## EXERCISE:
From the records that follow, return exactly the lines beginning at the one that contains "今回の生地は、コレクションテ" and ending at the one that contains "Amplificatore per basso", pictures left out.

## RECORDS FOR THE TASK:
━━━━━━━━━━━━━━━━━━━━

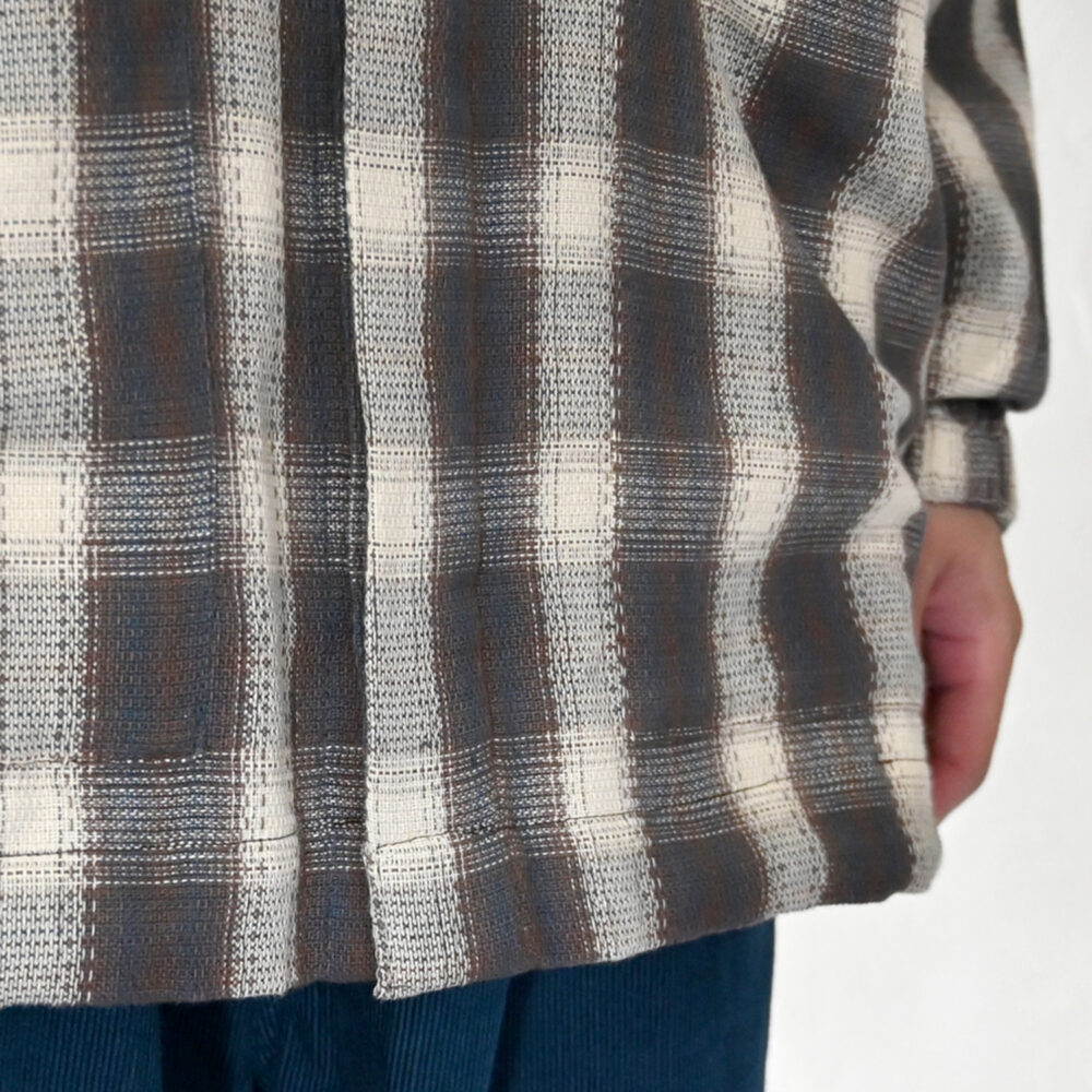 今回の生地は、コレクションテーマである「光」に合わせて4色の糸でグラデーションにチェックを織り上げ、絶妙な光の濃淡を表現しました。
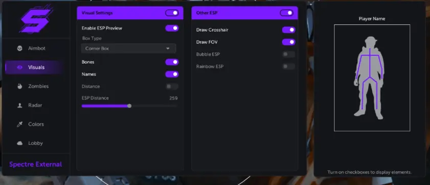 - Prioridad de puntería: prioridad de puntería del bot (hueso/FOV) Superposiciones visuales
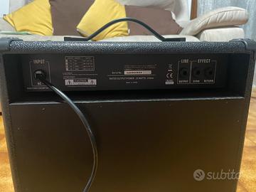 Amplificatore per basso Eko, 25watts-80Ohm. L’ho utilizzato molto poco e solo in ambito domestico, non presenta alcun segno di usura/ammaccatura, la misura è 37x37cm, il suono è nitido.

━━━━━━━━━━━━━━━━━━━━

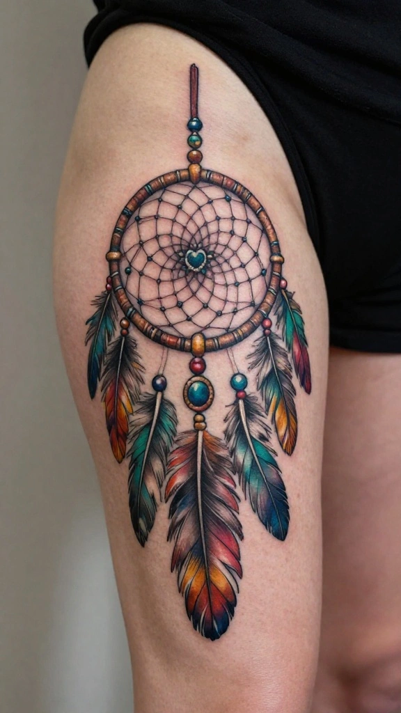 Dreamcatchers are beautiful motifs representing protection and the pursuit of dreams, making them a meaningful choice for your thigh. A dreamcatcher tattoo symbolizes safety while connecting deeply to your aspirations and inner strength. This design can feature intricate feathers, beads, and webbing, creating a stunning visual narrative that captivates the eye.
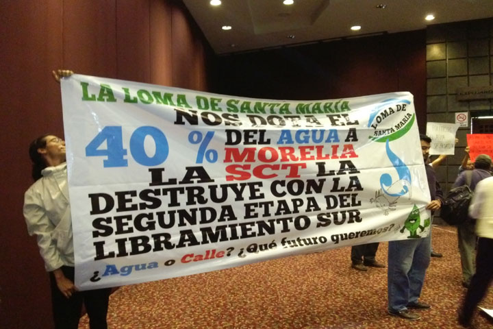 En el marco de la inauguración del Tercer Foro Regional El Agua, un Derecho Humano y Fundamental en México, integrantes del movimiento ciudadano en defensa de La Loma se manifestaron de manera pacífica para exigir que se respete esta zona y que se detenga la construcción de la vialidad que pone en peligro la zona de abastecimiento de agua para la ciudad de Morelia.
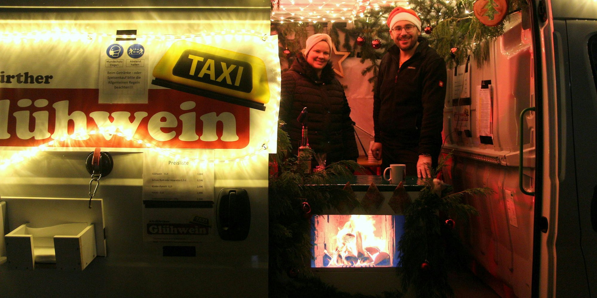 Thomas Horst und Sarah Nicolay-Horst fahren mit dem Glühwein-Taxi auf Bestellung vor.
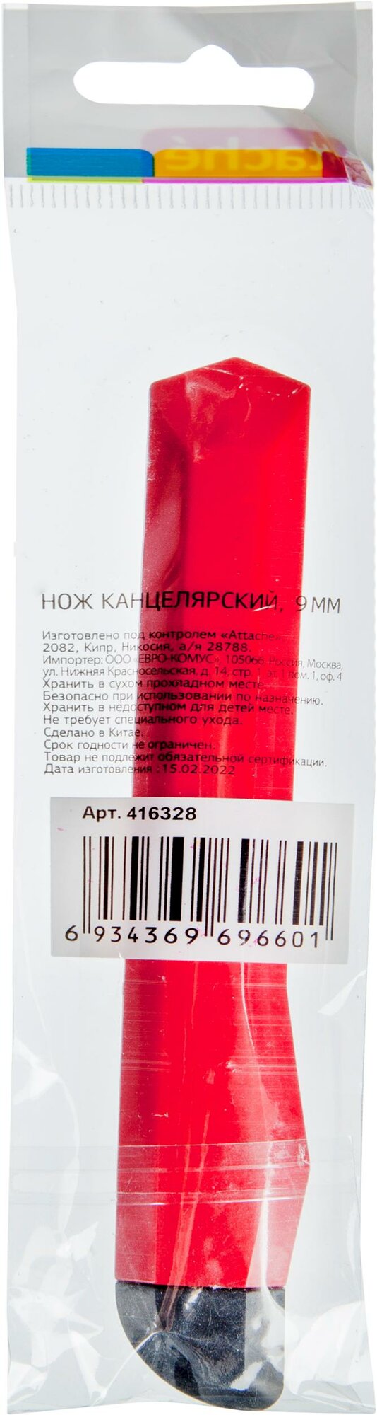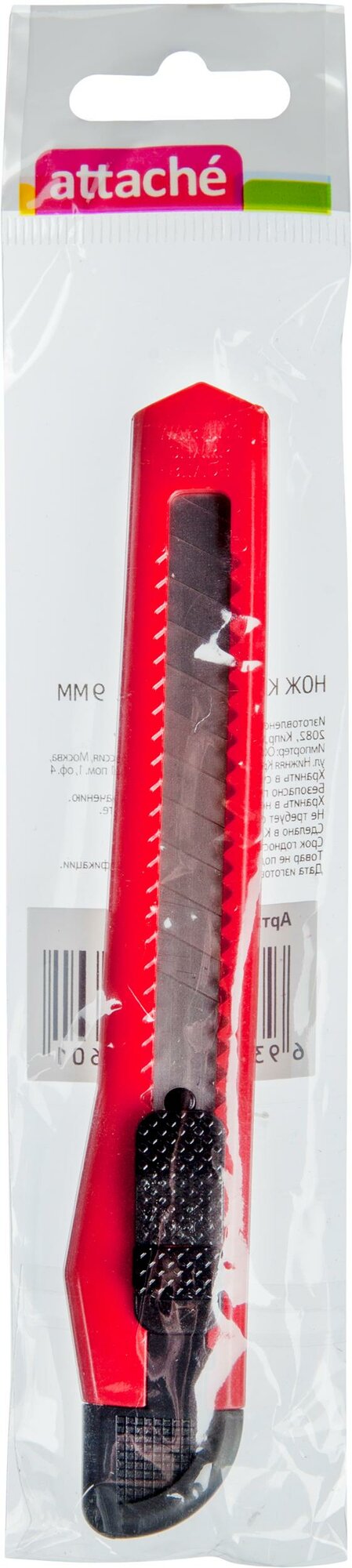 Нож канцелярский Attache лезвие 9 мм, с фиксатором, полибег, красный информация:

━━━━━━━━━━━━━━━━━━━━

## SOLUTION:
 今回の生地は、コレクションテーマである「光」に合わせて4色の糸でグラデーションにチェックを織り上げ、絶妙な光の濃淡を表現しました。
 - Prioridad de puntería: prioridad de puntería del bot (hueso/FOV) Superposiciones visuales
 Amplificatore per basso Eko, 25watts-80Ohm. L’ho utilizzato molto poco e solo in ambito domestico, non presenta alcun segno di usura/ammaccatura, la misura è 37x37cm, il suono è nitido.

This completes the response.